NEW YORK – Over the last 100 years, individuals with Down syndrome have become increasingly active members of society.
With more than 350,000 cases of Down syndrome in the United States alone, these individuals prove they’re integral and valuable members of society, with more and more graduating from high school, attending college, and living independently.
But what is Down syndrome? What are its causes, and what can people expect?
What is it? Occurring in one out of every 733 live births, Down syndrome is one of the more frequently occurring chromosomal abnormalities. Down syndrome is a lifelong condition wherein a person is born with distinct physical features, such as a flat face and short neck.
In addition to those physical aspects, an individual with Down syndrome will also have a certain degree of cognitive disability.
As mentioned, Down syndrome is a chromosomal abnormality. Human beings are made up cells, each of which contains a center known as the nucleus.
Inside that nucleus is where a person’s genes are stored. These genes are essentially what makes a person, holding all of a person’s inherited characteristics.

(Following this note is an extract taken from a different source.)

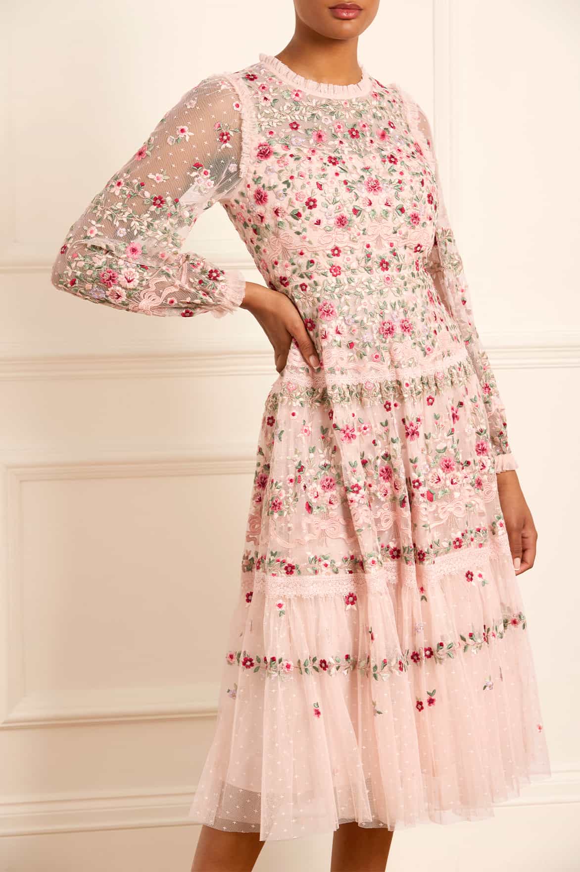 NEEDLE & THREAD EXCLUSIVE. The Ribbon Bouquet Midaxi Dress in Petal Pink. This midaxi dress is intricately designed with embroidered bouquets of flowers in rich tones, inspired by a 1930s vintage print. Beautifully adorned with delicate lace trims for signature Needle & Thread detailing. The skirt is developed with layers of tulle to create a romantic silhouette. The perfect dress for an upcoming occasion.

Chromosomes. The genes are grouped in structures called chromosomes. In the nucleus of a typical cell, genes are grouped in pairs of 23 chromosomes (for a total of 46), half of which are inherited from each parent.
However, in the late 1950s, French physician Jerome Lejeune identified the chromosomal abnormality shared by all individuals with Down syndrome. Rather than 46 chromosomes per cell, individuals with Down syndrome have 47 chromosomes.

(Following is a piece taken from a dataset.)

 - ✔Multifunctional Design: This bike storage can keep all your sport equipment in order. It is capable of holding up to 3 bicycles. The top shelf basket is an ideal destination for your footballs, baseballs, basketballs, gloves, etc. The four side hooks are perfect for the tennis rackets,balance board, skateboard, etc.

That extra chromosome (which was later determined to be an extra partial or complete 21st chromosome) is responsible for the characteristics associated with Down syndrome.
This extra chromosome is the result of the cell not properly dividing prior to or at conception. The error is then replicated throughout all of the body’s cells.
Not sure why. Exactly why the error in cell division occurs is still a mystery. A common misconception is that there is something the mother does during the pregnancy that results in her child being born with Down syndrome.
That is not the case, as researchers have determined environmental factors play no role in whether or not a child will be born with Down syndrome.
One factor that has been linked to Down syndrome is maternal age. In general, the older a woman is when she becomes pregnant the greater the chance for her child being born with Down syndrome.
In women under 35, the chance of conceiving a child with Down syndrome is one in 350, according to the National Down syndrome Society. By 35, the chances are one in 30.
Still, because younger women have higher fertility rates, 80 percent of children with Down syndrome are born to women under 35.
Different types. While 95 percent of all Down syndrome cases fall into the same category, there are different types. The most common is known as trisomy 21 and results from the aforementioned error in cell division known as nondisjunction.
Either before or at conception, the pair of 21st chromosomes fails to separate, resulting in the extra 47th chromosome. That error is then replicated in cells throughout the rest of the body.
A far less common form of Down syndrome is mosaicism. Mosaicism also occurs as a result of nondisjunction. But unlike in trisomy 21, mosaicism does not spread throughout all of a body’s cells, leaving some cells with the normal 46 chromosomes and others with the extra chromosome.
The least common form of Down syndrome, mosaicism only occurs in about 1 to 2 percent of all cases.
Translocation is another type of Down syndrome that actually does not lead to an extra chromosome. Those with translocation have 46 chromosomes per cell, but an error occurs during cell division that forces part of chromosome 21 to break off.
That part typically attaches to chromosome 14, but the presence of that extra part results in symptoms of Down syndrome.